[DATA EXTRACTS]

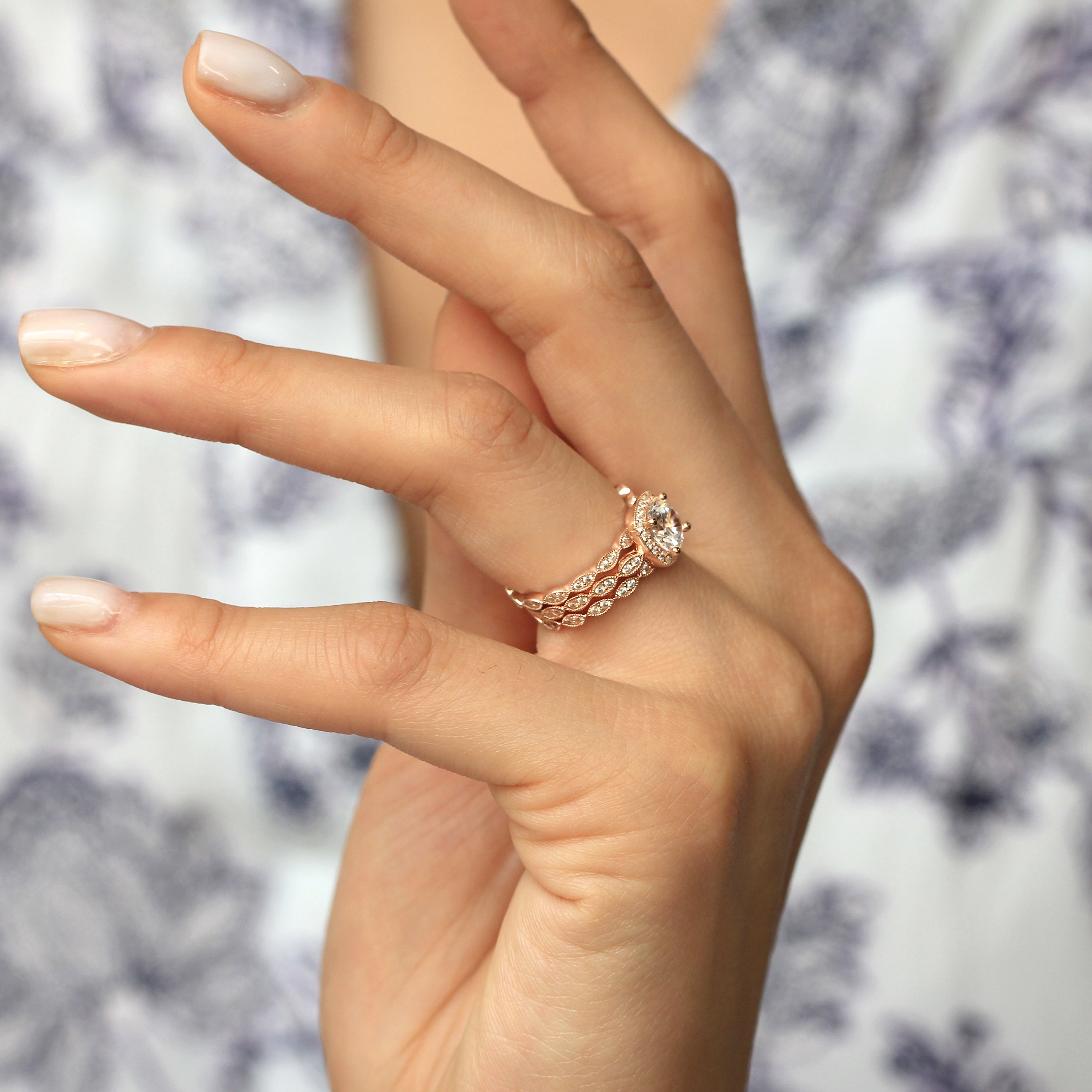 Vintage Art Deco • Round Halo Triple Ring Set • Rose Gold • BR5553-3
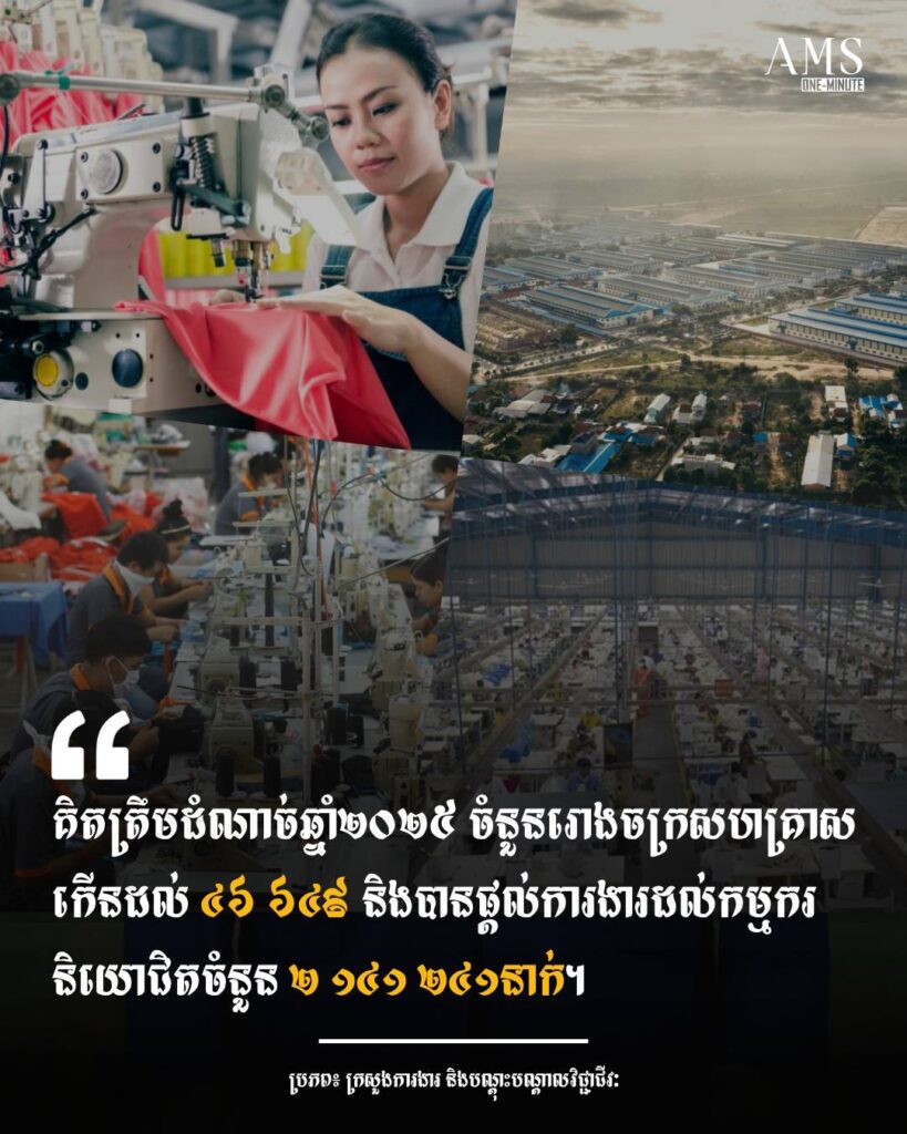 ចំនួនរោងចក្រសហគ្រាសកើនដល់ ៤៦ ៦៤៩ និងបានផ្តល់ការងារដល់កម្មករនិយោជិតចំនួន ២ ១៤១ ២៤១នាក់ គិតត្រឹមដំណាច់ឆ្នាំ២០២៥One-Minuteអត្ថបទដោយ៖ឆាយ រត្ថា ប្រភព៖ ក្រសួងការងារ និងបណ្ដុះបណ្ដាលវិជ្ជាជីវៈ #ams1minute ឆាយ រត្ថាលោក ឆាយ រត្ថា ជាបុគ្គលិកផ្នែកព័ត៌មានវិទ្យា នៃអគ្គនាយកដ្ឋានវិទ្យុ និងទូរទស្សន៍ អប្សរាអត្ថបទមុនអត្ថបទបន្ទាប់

[/DATA EXTRACTS]
[DATA EXTRACTS]

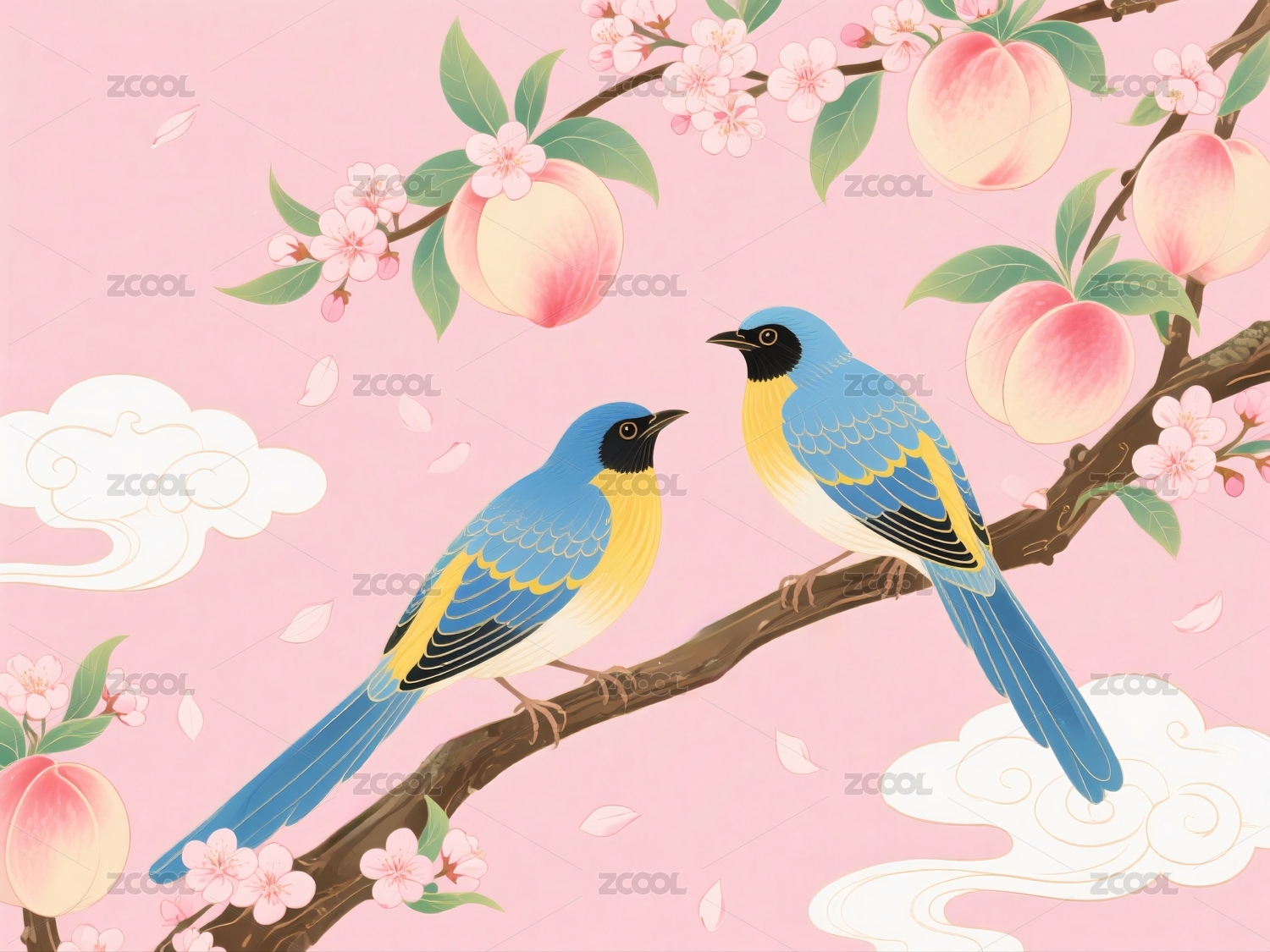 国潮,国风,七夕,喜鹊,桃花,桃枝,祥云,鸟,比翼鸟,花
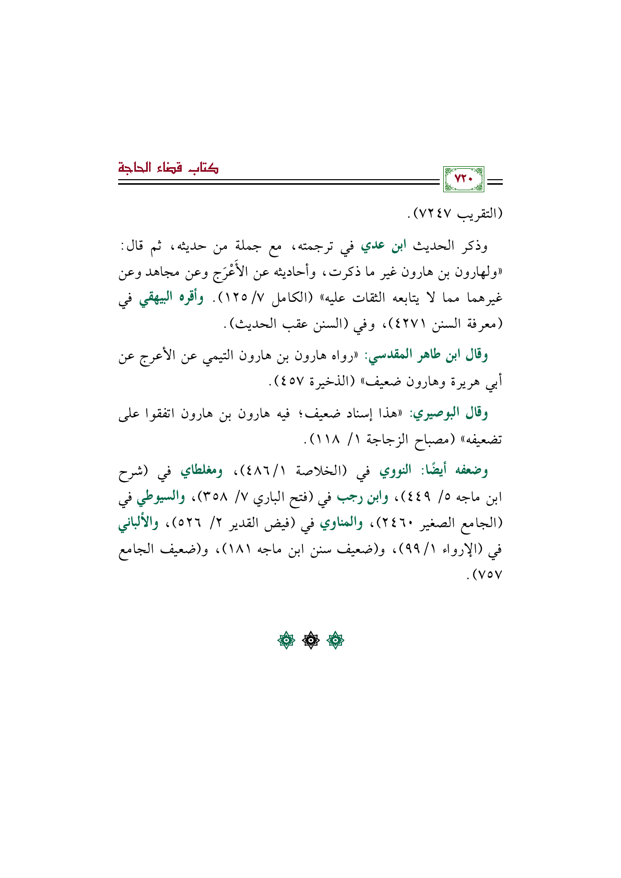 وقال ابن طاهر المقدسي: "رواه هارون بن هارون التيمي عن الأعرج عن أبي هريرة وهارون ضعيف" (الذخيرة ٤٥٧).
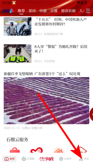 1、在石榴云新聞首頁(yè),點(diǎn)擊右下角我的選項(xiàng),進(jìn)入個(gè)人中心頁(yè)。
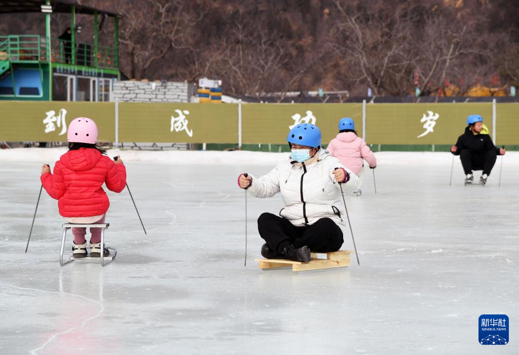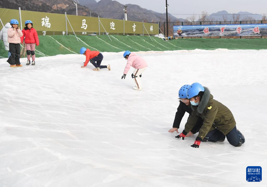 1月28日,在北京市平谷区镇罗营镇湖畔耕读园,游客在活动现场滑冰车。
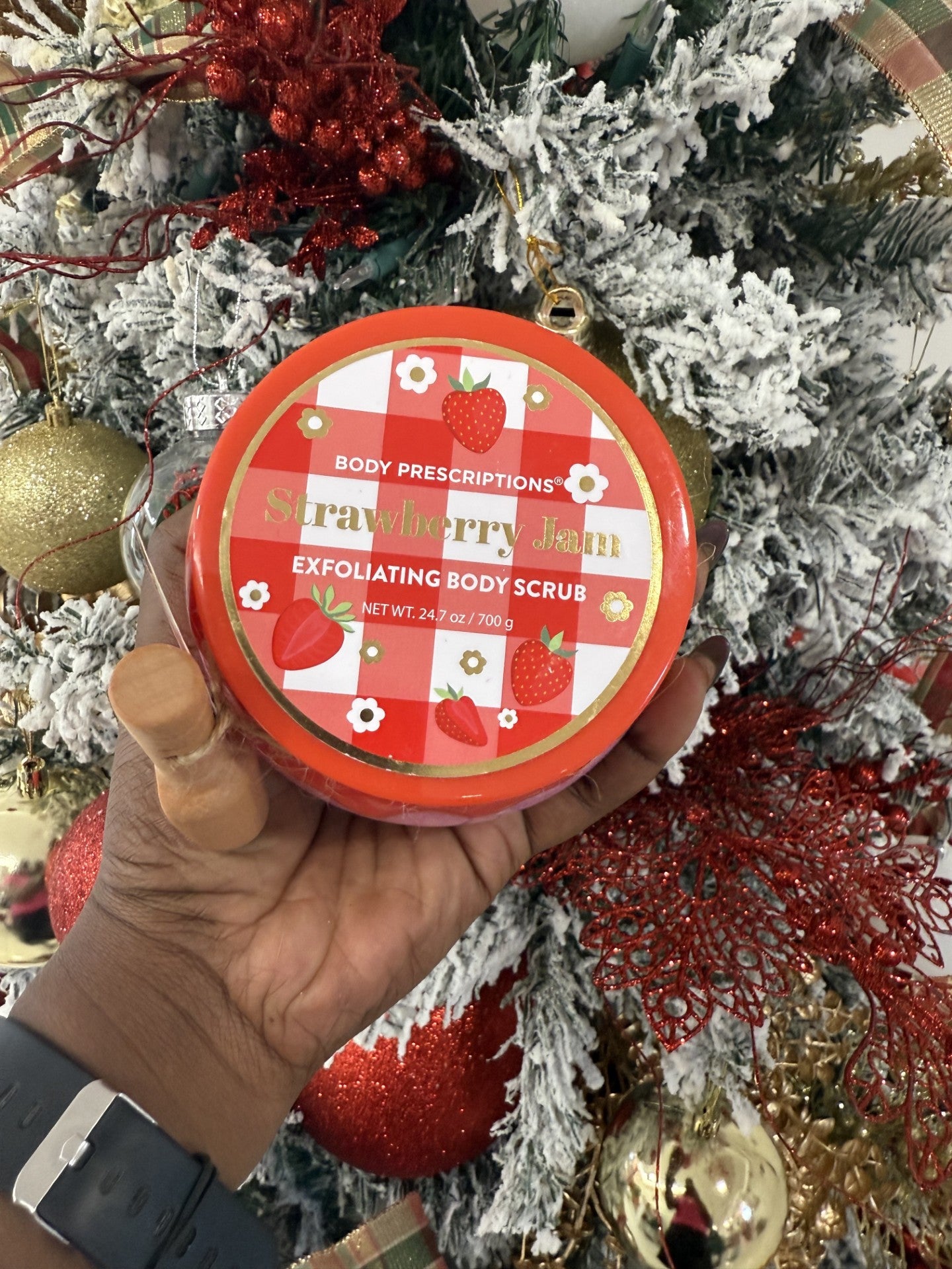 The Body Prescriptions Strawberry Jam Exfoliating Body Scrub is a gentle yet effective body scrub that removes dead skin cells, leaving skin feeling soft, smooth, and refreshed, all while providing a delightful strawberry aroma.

[/DATA EXTRACTS]

#### [WHAT TO WORK ON]
In the data above, take the line with "وقال ابن طاهر", the line with "The Body Prescriptions", and every line between, and set them down exactly without pictures.

#### [SOLUTION TO THE EXERCISE]
 وقال ابن طاهر المقدسي: "رواه هارون بن هارون التيمي عن الأعرج عن أبي هريرة وهارون ضعيف" (الذخيرة ٤٥٧).
 1、在石榴云新聞首頁(yè),點(diǎn)擊右下角我的選項(xiàng),進(jìn)入個(gè)人中心頁(yè)。
 1月28日,在北京市平谷区镇罗营镇湖畔耕读园,游客在活动现场滑冰车。
 The Body Prescriptions Strawberry Jam Exfoliating Body Scrub is a gentle yet effective body scrub that removes dead skin cells, leaving skin feeling soft, smooth, and refreshed, all while providing a delightful strawberry aroma.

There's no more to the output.